EXERCISE: Transcribe the entries below exactly, starting with the line that has "PILOT シャープペンシル ザ・ドクターグリップブラックアクセント" and stopping after the line that has "Members of the"; no pictures belong in the copy.

DATA SECTION:
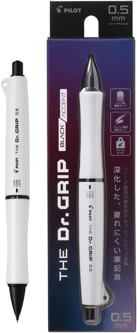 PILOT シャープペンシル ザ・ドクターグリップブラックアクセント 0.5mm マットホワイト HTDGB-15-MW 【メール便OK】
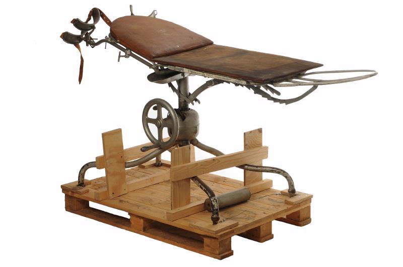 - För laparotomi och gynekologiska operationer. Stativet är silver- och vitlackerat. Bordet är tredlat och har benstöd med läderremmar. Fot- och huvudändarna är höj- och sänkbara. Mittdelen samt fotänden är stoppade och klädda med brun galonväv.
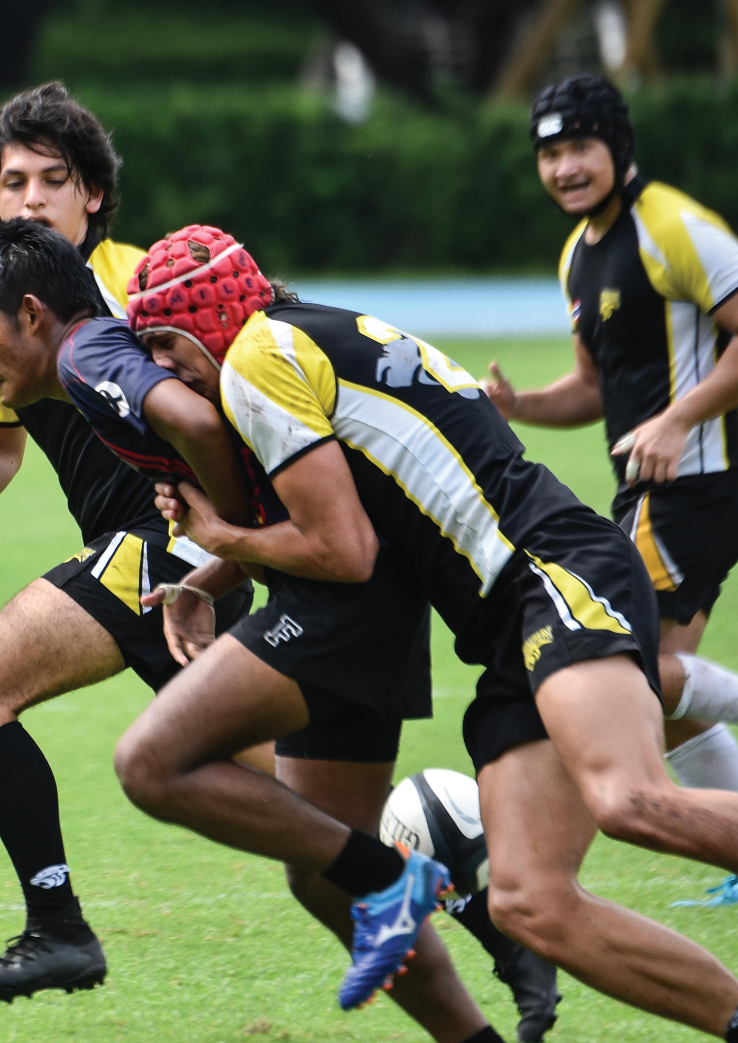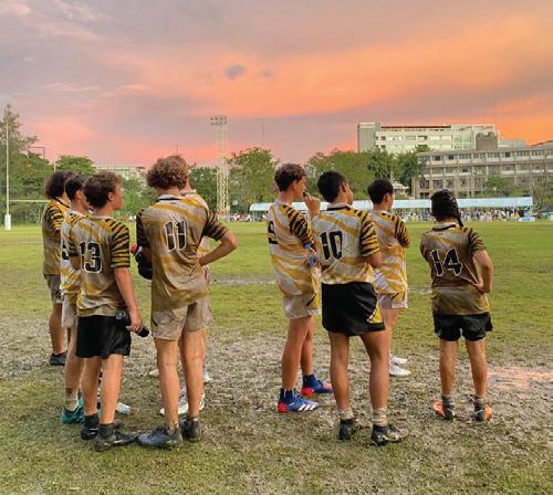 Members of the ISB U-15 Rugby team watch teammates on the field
--
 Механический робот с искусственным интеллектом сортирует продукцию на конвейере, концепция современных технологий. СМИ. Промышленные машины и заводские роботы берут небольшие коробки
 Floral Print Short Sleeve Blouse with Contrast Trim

ANSWER BELOW:
 PILOT シャープペンシル ザ・ドクターグリップブラックアクセント 0.5mm マットホワイト HTDGB-15-MW 【メール便OK】
 - För laparotomi och gynekologiska operationer. Stativet är silver- och vitlackerat. Bordet är tredlat och har benstöd med läderremmar. Fot- och huvudändarna är höj- och sänkbara. Mittdelen samt fotänden är stoppade och klädda med brun galonväv.
 Members of the ISB U-15 Rugby team watch teammates on the field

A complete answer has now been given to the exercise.